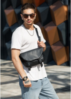 Жіноча сумка на пояс бананка шкіряна чорнa
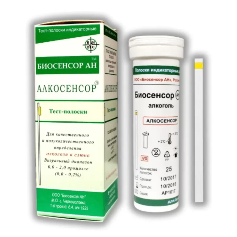- Полоски индикаторные предназначены для качественного или полуколичественного определения алкоголя в слюне человека. Несоблюдение процедур тестирования и интерпретации результатов может отрицательно сказаться на процессе тестирования и (или) привести к получению недействительных результатов. Поэтому результаты, полученные с помощью Полосок индикаторных АЛКОСЕНСОР, должны использоваться совместно с другими клиническими данными.
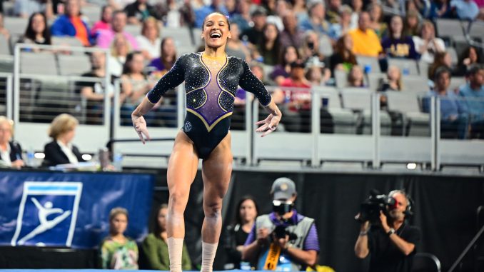 LSU’s last event was floor and the Tigers showed why they were the top ranked floor squad in the country. Every single score that counted for LSU was 9.9375 or higher. McClain, Bryant and Kiya Johnson all scored 9.9375. KJ Johnson scored a 9.9500 and Aleah Finnegan recorded a 9.625. LSU finished with a 49.7250 on the floor.
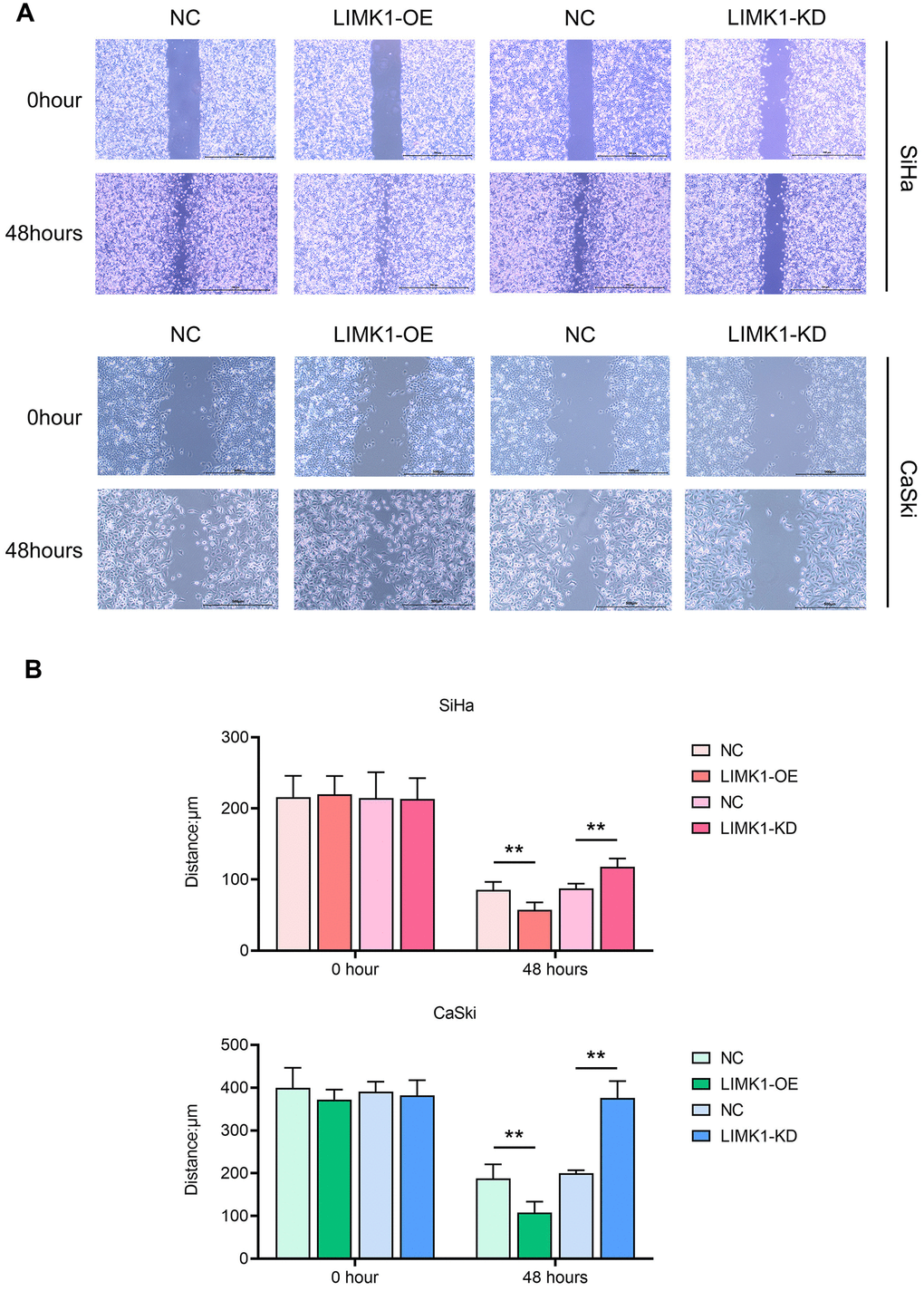To investigate the effect of LIMK1 on the migration and invasion ability of cervical cancer cells, the results of cell scratch assay showed that at 48 h, the scratch spacing between SiHa cells and CaSki cells in the LIMK1-OE group was significantly lower than that of the NC group, and the spacing between SiHa cells and CaSki cells in the LIMK1-KD group was significantly higher than that of the NC group (Figure 3). The results of Transwell assay showed that the number of migration and invasion of SiHa cells and CaSki cells in the LIMK1-OE group was significantly higher than that of the NC group, and the number of migration and invasion of SiHa cells and CaSki cells in the LIMK1-KD group was significantly lower than that of the NC group (Figure 4). The above data proved that LIMK1 can promote the migration and invasion of cervical cancer cells.
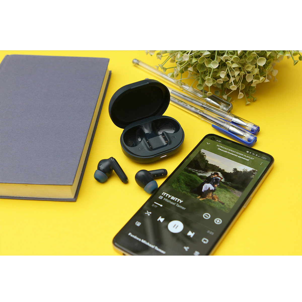 Audífonos Watford. - Audífonos inalámbricos con estuche, gracias a su diseño práctico y ligero los hace perfectos para llevarlos a todos lados. Cuenta con un alcance inalámbrico de 10 metros sin obstáculos. Con tiempo de reproducción de siete horas (60% Vol.), tiempo de conversación de seis horas en volúmen medio, su tiempo de carga es de aproximadamente 1.5 horas por un puerto tipo C.
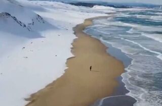 As imagens que circulam nas redes sociais impressionam internautas de diferentes países. As nuances entre o branco da neve, o bege da areia e o brilho do sal criam um degradê natural que parece obra de computador
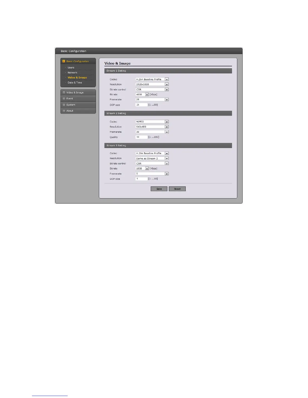 There are 4 pre-programmed stream profiles available for quick set-up.
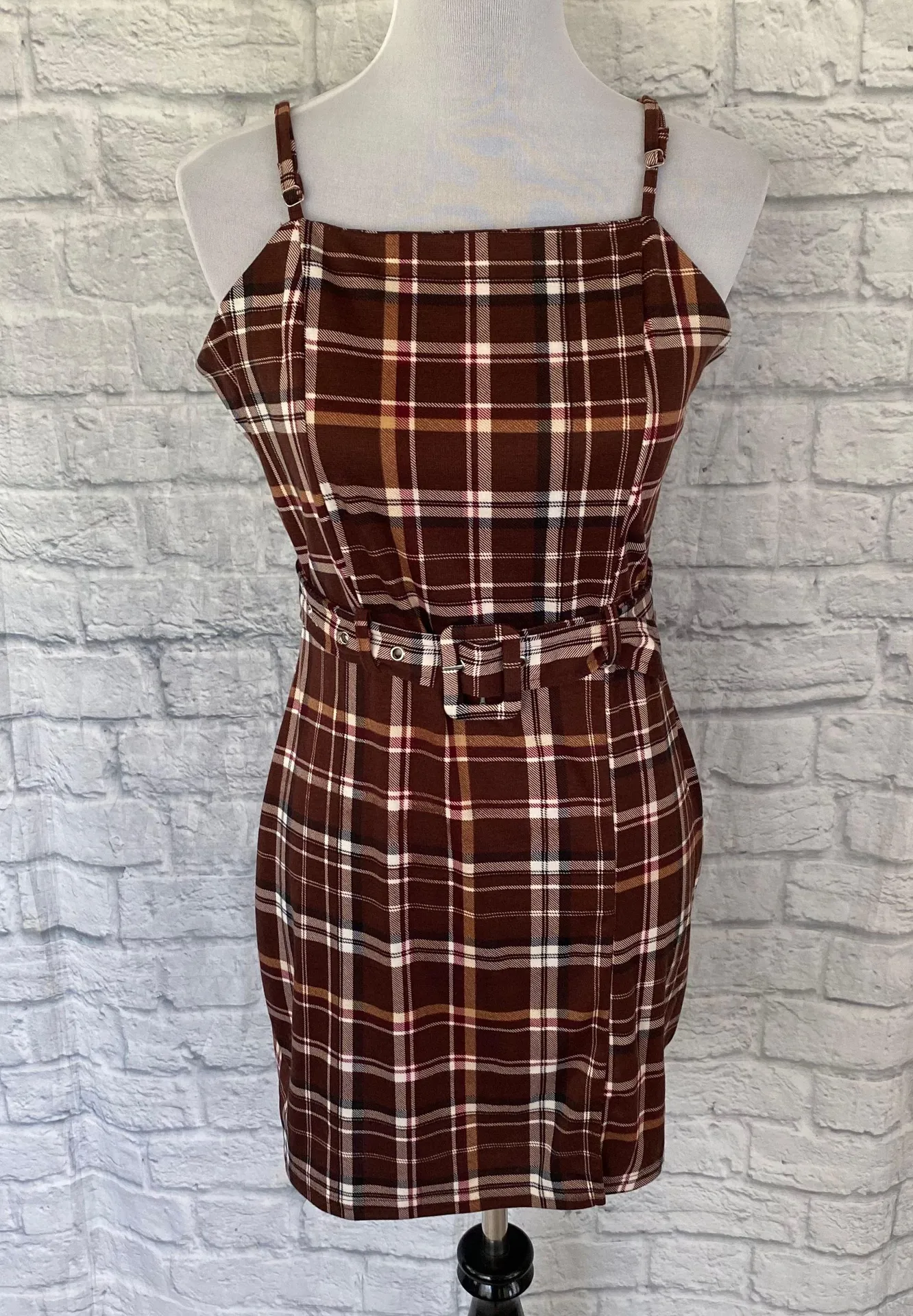 Jolie & Joy by FCT with Love women L brown plaid bodycon spaghetti strap dress Belt with buckle Belt loops Adjustable straps Front slit Pit to pit approx 17” Length approx 27”
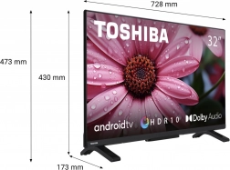 Tato 32" LED televize TOSHIBA kombinuje elegantní štíhlé provedení s kvalitním obrazem a chytrou výbavou pro každodenní zábavu. Díky HD ready rozlišení, vylepšenému podání barev a širokým možnostem připojení se skvěle hodí pro sledování TV vysílání, streamování i hraní.
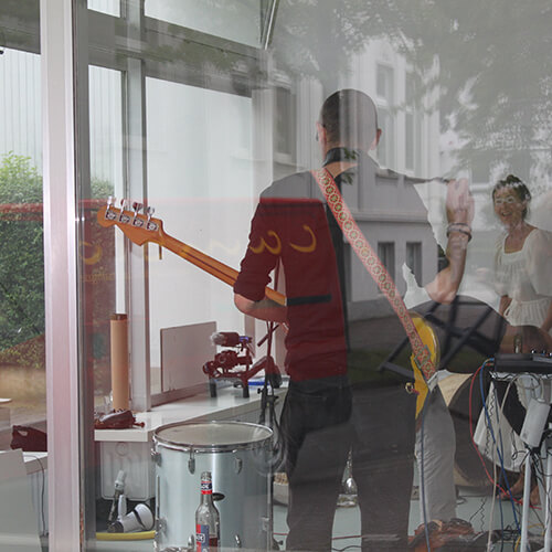Im August 2017 gastierte die Performance-Gruppe LOTEN im Kunstforum Oldenburg. LOTEN sind ein interdisziplinäres Musiker:innen- und Künstler:innenkollektiv aus Bremen. Seit 2014 spielt die aktuell 11-köpfige Gruppe frei improvisierte Konzerte, in denen die Anzahl und Konstellation der Spieler:innen variieren. Wort, Klang, Gebärde oder Skulptur – alles kann Teil der Aufführung sein.
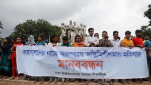 এদিকে ‘অযৌক্তিক আন্দোলনের’ মাধ্যমে ক্যাম্পাস অস্থিতিশীল করার প্রতিবাদে ঢাকা বিশ্ববিদ্যালয় ‘সাধারণ শিক্ষার্থী’র ব্যানারে ছাত্রলীগের নেতা-কর্মীরা রাজু ভাস্কর্যের সামনে সমাবেশ করছেন।
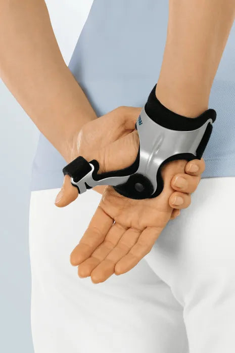 The Rhizomed is a thumb brace to provide orthopaedic support for the thumb saddle joint. It helps stabilize the thumb saddle joint and the basal thumb joint, with individual adjustment and a simple slip-on system.
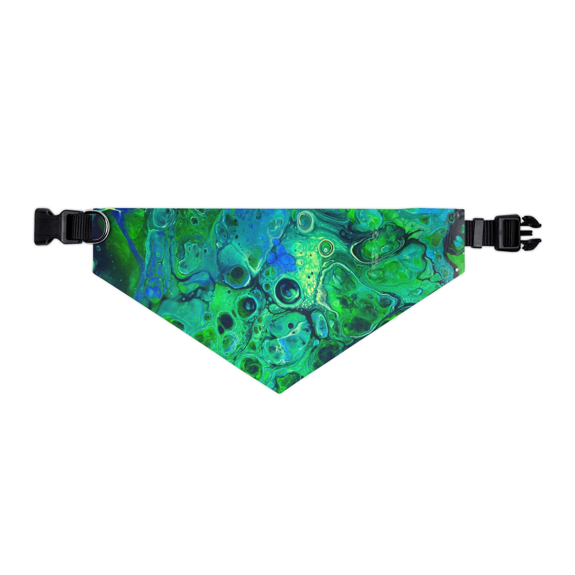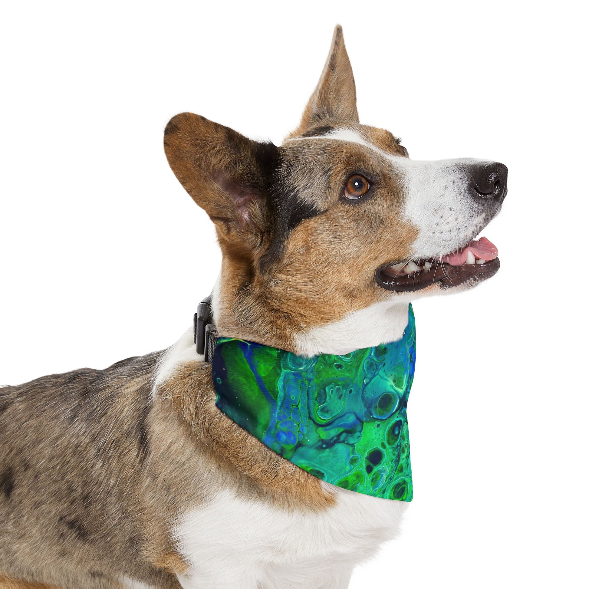The pet bandana collar puts a fun spin on standard animal accessories. It is made of polyester duck fabric and is available in four sizes to fit any pet. The construction and printing is durable enough for machine washing. The collar fastening helps to keep the bandana fitting correctly, even during play.
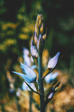 Flowers with blue bells. flowers in the wild. View from the top point.
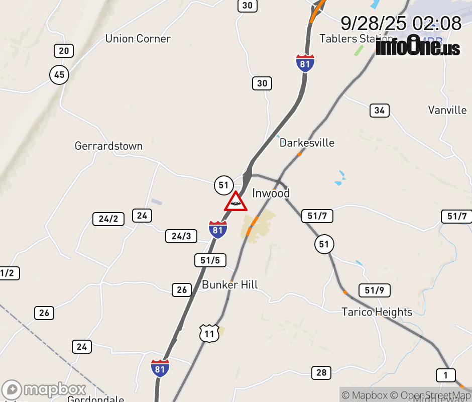 Canceled 9/28/25 4:02 AM Location: I-81 at MM 4.51, WV Accident.
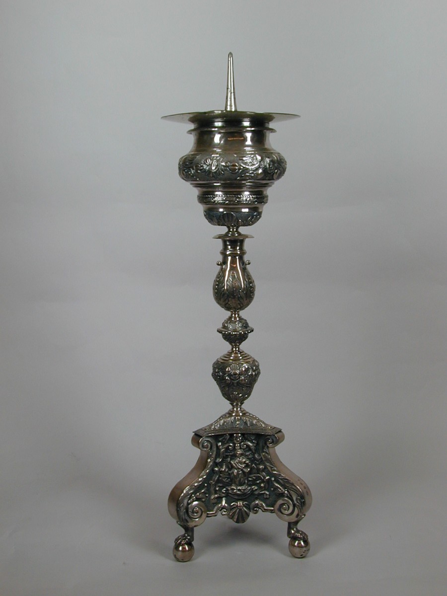 Kandelaar op drie klauwpoten, aan de voet versierd met symbolen van geloof, hoop en liefde

**INSTRUCTIONS TO FOLLOW:**
Your copy should consist solely of the lines from the line containing "Flowers with blue" through the last line of the records above, reproduced exactly, with the pictures left out.

**ANSWER TO THIS TASK:**
 Flowers with blue bells. flowers in the wild. View from the top point.
 Canceled 9/28/25 4:02 AM Location: I-81 at MM 4.51, WV Accident.
 Kandelaar op drie klauwpoten, aan de voet versierd met symbolen van geloof, hoop en liefde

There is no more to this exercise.